7.2 Embedded model runtime inside ProxySQL

ProxySQL links to an embedding runtime (llama.cpp, etc.)

Pros:

  • no network dependency
  • predictable latency if tuned

Cons:

  • increases memory footprint
  • needs careful resource controls

Recommendation Start with an external embedding provider and keep a modular interface that can be swapped later.

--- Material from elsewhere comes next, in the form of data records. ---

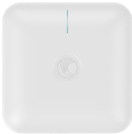
The cnPilot e410 enterprise AP uses 2x2 MU-MIMO and packs a maximum transmit power of 25 dBm.
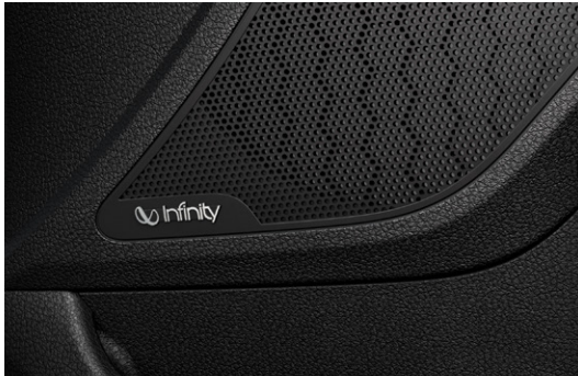
Infinity premium sound system

The supervision cluster comprehensively displays various vehicle information to provide the driver with a vehicle control that is user-centric, convenient and intuitive.
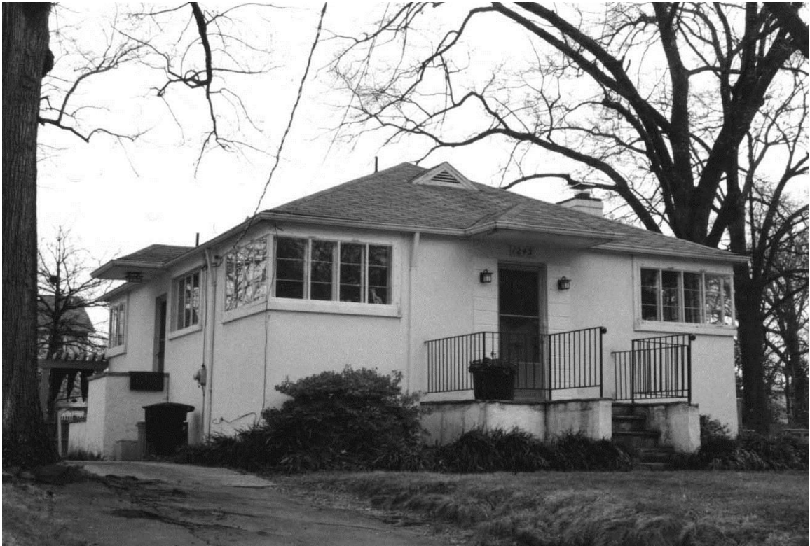
Figure 10: House, 1243 North Stuart Street (000-8262)

Influenced by the Art Deco, Streamline Moderne, and International styles, the buildings designed in the Modern Movement were minimal in their applied ornamentation and utilized contemporary building materials. Typically, the stylistic ornamentation was presented by the materials and forms, such as glass blocks, metal window frames, flat cantilevered roofs, and corner windows. The structures were often constructed of masonry with stretcher-bond brick or stuccoed concrete block. Surrounds were composed of contrasting masonry materials such as stone or exposed concrete blocks.
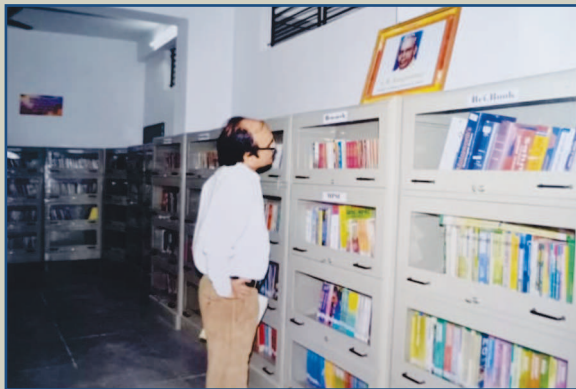
College Central Library with more than 10 Thousand books
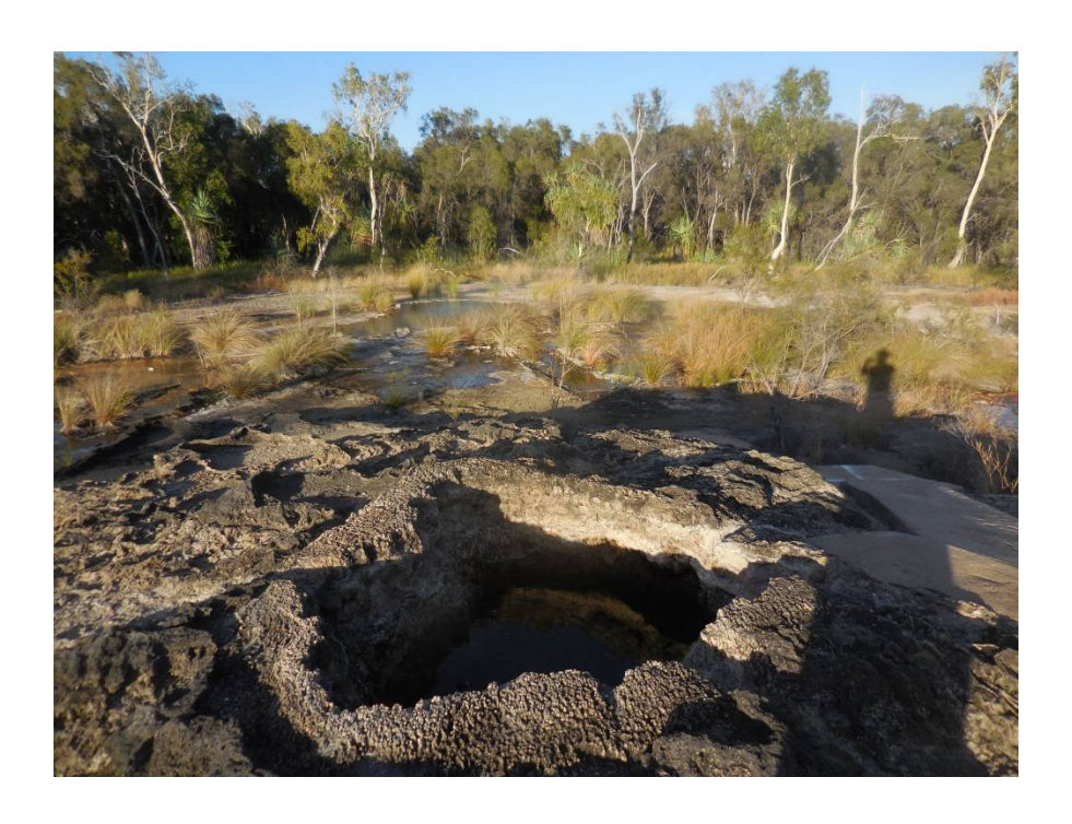
Talaroo Hot Springs

The abovementioned visit to China undertaken in September 2017 has resulted in a proposal, discussed with senior Guizhou Province Government officials, predicated on the following assumptions and approach designed to attract a geotourism-primed Chinese market to consider travel to Far North Queensland Region (including Etheridge Shire).
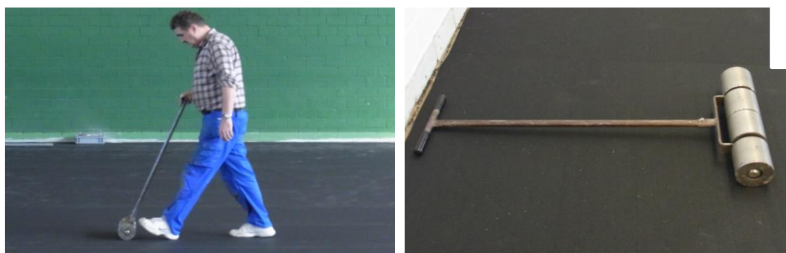
Scrolling of the floor with a pressure roller

After the adhesive has grabbed but before adhesive is fully cured, contact pressure should be applied to the surface with a roller to eliminate air bubbles underneath the material.
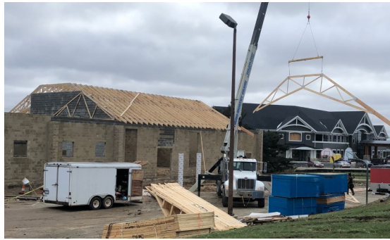
Outside . . . Raising the Roof!
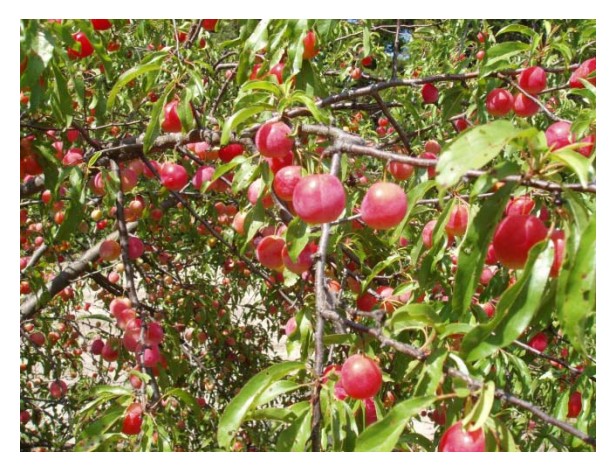
Figure 1. Chickasaw plum in full fruit.

Contributed by: USDA NRCS Manhattan Plant Materials Center & Kansas State University, Forestry Research

8. Query embedding generation

Vector search needs a query embedding. Do this in the MCP layer:

  1. Take query_text
  2. Apply query normalization (optional but recommended)
  3. Compute query embedding using the same model used for chunks
  4. Execute vector search SQL with a bound embedding vector

Do not

  • accept arbitrary embedding vectors from untrusted callers without validation
  • allow unbounded query lengths

9. Vector search semantics

9.1 Distance vs similarity

Depending on the embedding model and vec search primitive, vector search may return:

  • cosine distance (lower is better)
  • cosine similarity (higher is better)
  • L2 distance (lower is better)

Recommendation Normalize to a “higher is better” score in MCP responses:

  • if distance: score_vec = 1 / (1 + distance) or similar monotonic transform

Keep raw distance in debug fields if needed.

9.2 Filtering

Filtering should be supported by:

  • source_id restriction
  • optional metadata filters (doc-level or chunk-level)

In v0, filter by source_id is easiest because rag_vec_chunks stores source_id as metadata.


10. Hybrid retrieval integration

Embeddings are one leg of hybrid retrieval. Two recommended hybrid modes are described in mcp-tools.md:

  1. Fuse: top-N FTS and top-N vector, merged by chunk_id, fused by RRF
  2. FTS then vector: broad FTS candidates then vector rerank within candidates

Embeddings support both:

  • Fuse mode needs global vector search top-N.
  • Candidate mode needs vector search restricted to candidate chunk IDs.

Candidate mode is often cheaper and more precise when the query includes strong exact tokens.


11. Operational controls

11.1 Resource limits

Embedding generation must be bounded by:

  • max chunk size embedded
  • max chunks embedded per document
  • per-source embedding rate limit
  • timeouts when calling embedding provider

11.2 Batch embedding

To improve throughput, embed in batches:

  • collect N chunks
  • send embedding request for N inputs
  • store results

11.3 Backpressure and async embedding

For v1, consider decoupling embedding generation from ingestion:

  • ingestion stores chunks
  • embedding worker processes “pending” chunks and fills vectors

This allows:

  • ingestion to remain fast
  • embedding to scale independently
  • retries on embedding failures

In this design, store a state record:

  • pending / ok / error
  • last error message
  • retry count

v0 (synchronous embedding)

  1. Implement embedding_json parsing in ingester
  2. Build embedding input string for each chunk
  3. Call embedding provider (or use a stub in development)
  4. Insert vector rows into rag_vec_chunks
  5. Implement rag.search_vector MCP tool using query embedding + vector SQL

v1 (efficient incremental embedding)

  1. Add rag_chunk_embedding_state table
  2. Store input_hash per chunk per model
  3. Only re-embed if hash changed
  4. Add async embedding worker option
  5. Add metrics for embedding throughput and failures

13. Summary

  • Compute embeddings per chunk, not per document.
  • Define embedding input explicitly in rag_sources.embedding_json.
  • Store vectors in rag_vec_chunks (vec0).
  • For production, add hash-based update detection and optional async embedding workers.
  • Normalize vector scores in MCP responses and keep raw distance for debugging.